Common sense tells us that the choices we make, consciously or not, entangle us in a chain of consequences that can liberate or maybe strangle us. Way leads on to way, not always to greener pastures. We choose to drink or smoke too much, marry this woman rather than that one, have children or not, attend this church or that one, take this job or none at all. These “choices,” some of them resulting from accident of birth, routinely result in outbursts of the second most favorite American F-word, the nasty one. This second most favorite American F-word seems to make it clear––along with the contempt, frustration and anger it communicates in no uncertain terms–– that there are a lot of Americans not enjoying their freedom as advertised.

Why is it that so many Americans so frequently use both F-words––with connotations so antithetically positive and negative––in the same conversation? If the “freedom” word is routinely used as a way to unify and inspire us as a people, the nasty F-word is a weapon by which we express frustration, contempt, and even hatred for each other. Though women especially know how this word’s weaponry is linked to sex, we seem screwed up about a lot of things when we use the nasty F-word.

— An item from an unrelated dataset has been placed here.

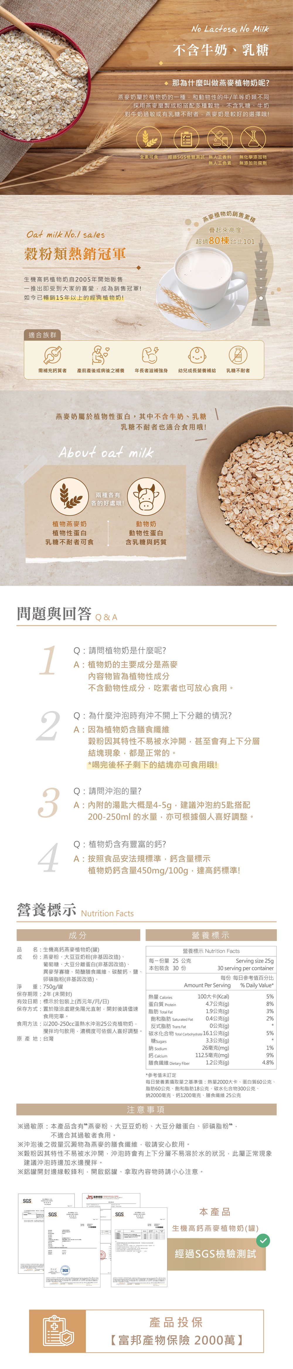 成分:燕麥粉、大豆豆奶粉(非基因改造)、葡萄糖、大豆分離蛋白(非基因改造)、異麥芽寡糖、菊糖膳食纖維、碳酸鈣、鹽、卵磷脂粉(非基因改造)

Do we use the nasty F-word because we feel betrayed by the promises the freedom word offers, especially when the gap between the haves and have-nots is so obvious? Though the rich and powerful in some ways may be the most restricted among us, they are also inclined to use the freedom word as a way of putting down those who don’t enjoy the privileges they suffer from. While researchers in the health sciences are finding that some rich folk are suffering from a new disease being referred to as “affluenza,” this affliction doesn’t prevent those passionate about the virtues of wealth from dismissing the poor and destitute as complainers when those in the underclasses talk freely about the constraints they face. Freedom, when its meaning is perpetually on the loose, goes into hiding in those experiencing the realities of joblessness, unattractiveness, disability, old age, poverty, and bad luck. In a climate of opinion requiring us to be free while denying us the means to achieve a reasonably comfortable life style, the other F-word, and the nasty behaviors that follow from it, has its say.

In the old days our moms would wash our mouths out with soap when we didn’t watch our language. But modern moms aren’t as free to do that these days. So when we have the urge to use either of the F-words, I think we’d be better off biting our tongues on our way to second thoughts.